Yeah, even for simple things, it's surprisingly hard to write a correct spec. Or more to the point, it's surprisingly easy to write an incorrect spec and think it's correct, even under scrutiny, and so it turns out that you've proved the wrong thing.
This isn't to say it's useless; sometimes it helps you think about the problem more concretely and document it using known standards. But I'm not super bullish on "proofs" being the thing that keeps AI in line. First, like I said, they're easy to specify incorrectly, and second, they become incredibly hard to prove beyond a certain level of complexity. But I'll be interested to watch the space evolve.
(Note I'm bullish on AI+Lean for math. It's just the "provably safe AI" or "provably correct PRs" that I'm more skeptical of).
As a heavy user of formal methods, I think refinement types, instead of theorem proving with Lean or Isabelle, is both easier and more amenable to automation that doesn't get into these pitfalls.
It's less powerful, but easier to break down and align with code. Dafny and F* are two good showcases. Less power makes it also faster to verify and iterate on.
You have identified the crux of the problem, just like mathematics writing down the “right” theorem is often half or more of the difficulty.
In the case of digital systems it can be much worse because we often have to include many assumptions to accommodate the complexity of our models.
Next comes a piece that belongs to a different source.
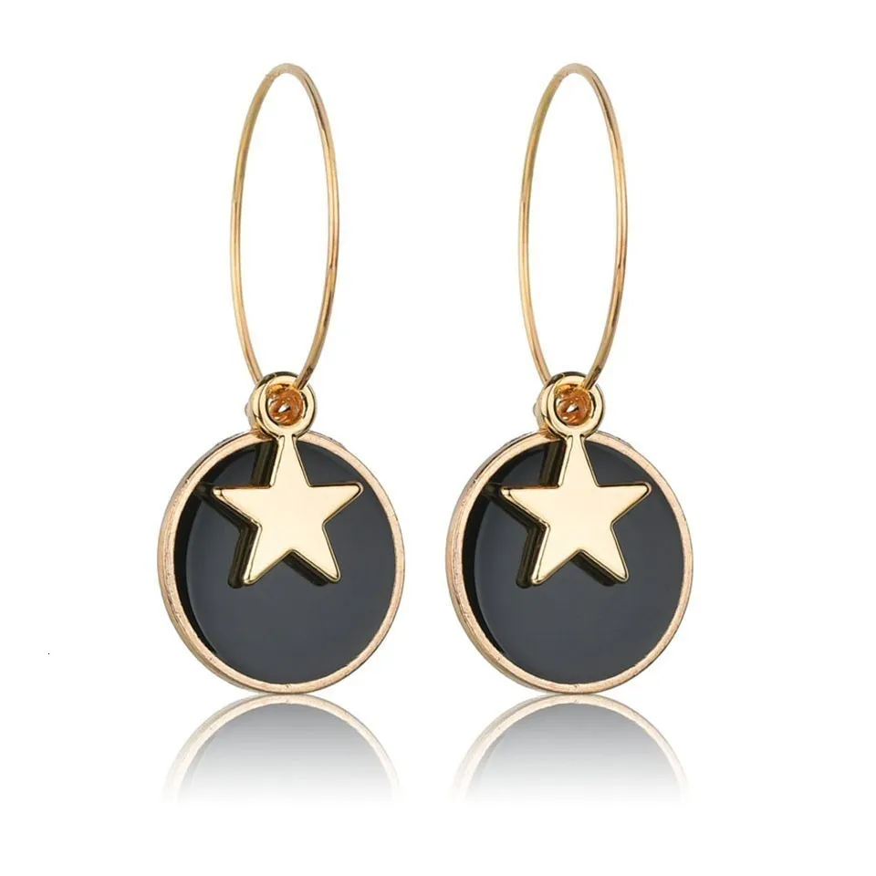 Новые модные серьги-капельки для женщин Золотая звезда в черном круглой конструкции серьги трендовые серьги ручной работы свадебные ювелирные изделия

To use an example from your context, usually one is required to assume some kind of fairness to get anything to go through with systems operating concurrently but many kinds of fairness are not realistic (eg strong fairness).
I was having the same intuition, but you verbalised it better: the notion of having a definitive yes/no answer is very attractive, but describing what you need in such terms using natural language, which is inherently ambiguous... that feels like a fool's errand. That's why I keep thinking that LLM usage for serious things will break down once we get to the truly complicated things: it's non-deterministic nature will be an unbreakable barrier. I wish I'm wrong, though.
Interesting. It's essentially the same idea as in this article: https://substack.com/home/post/p-184486153. In both scenarios, the human is relieved of the burden of writing complex formal syntax (whether Event-B or Lean 4). The human specifies intent and constraints in natural language, while the LLM handles the work of formalization and satisfying the proof engine.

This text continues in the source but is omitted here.